# ESGEMME: Evolutionary and Structural Global Epistatic Model for Mutational Effects
## Installation
ESGEMME is implemented in Python 3 and R. It has been tested only on Linux. Since ESGEMME has many dependencies, we recommend using our web site or our docker image.
### Installation from the source:
#### Getting the source code and preparing the environment:
Download the ESGEMME source code from http://gitlab.lcqb.upmc.fr/tekpinar/ESGEMME.
Define and export the environment variable ESGEMME_PATH=/path-to-ESGEMME-directory/
* seqinr R package: https://cran.r-project.org/web/packages/seqinr/index.html
These tools should be installed to be able to use ESGEMME.
## Usage
### Required input files
ESGEMME requires two files:
* a multiple sequence alignment (MSA) file in fasta format (mandatory):
Your query protein must be the first sequence in the fasta file. In addition, the query sequence should not contain any gaps.
* a structure file in PDB format (optional but recommended)
Run the program by typing "python $ESGEMME_PATH/esgemme.py inputAli.fasta --pdbfile input.pdb ".
A help can be accessed by typing "python $ESGEMME_PATH/esgemme.py --help".
### Running the program
Let's assume that our input MSA is inputAli.fasta and input.pdb is our structure file in PDB format.
By default, GEMME will predict the effect of all possible single mutations at all positions in the
query sequence.

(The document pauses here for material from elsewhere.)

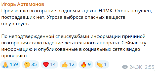 Так, вибухи пролунали на Новолипецькому металургійному комбінаті (НЛМК), внаслідок яких виникла пожежа в одному із цехів. Як стверджує Артамонов, на даний момент вогонь загашено, а постраждалих нібито не зафіксовано.

Alternatively, a set of single or multiple mutations can be given with the option -m.
Eachline of the file should contain a mutation (e.g. D136R) or combination of mutations separated
by commas (or colons) and ordered according to their positions in the sequence (e.g. D136R,V271A).
GEMME calls JET2 to compute evolutionary conservation levels. By default, JET2 will retrieve a set
of sequences related to the query, independent from the input set, according to specific criteria.
The retrieval method used in JET2 is PSI-BLAST, which can perform the search either locally (by
default) or remotely (-r server). Alternatively, the user can provide her/his own psiblast file
(-r input-b pFile) or her/his own multiple sequence alignment in FASTA format (-r input -f fFile).
JET is run in its iterative mode, iJET, 10 times and the final conservation levels are the maxium
values obtained over the 10 iterations.
JET2 configuration file is: default.conf.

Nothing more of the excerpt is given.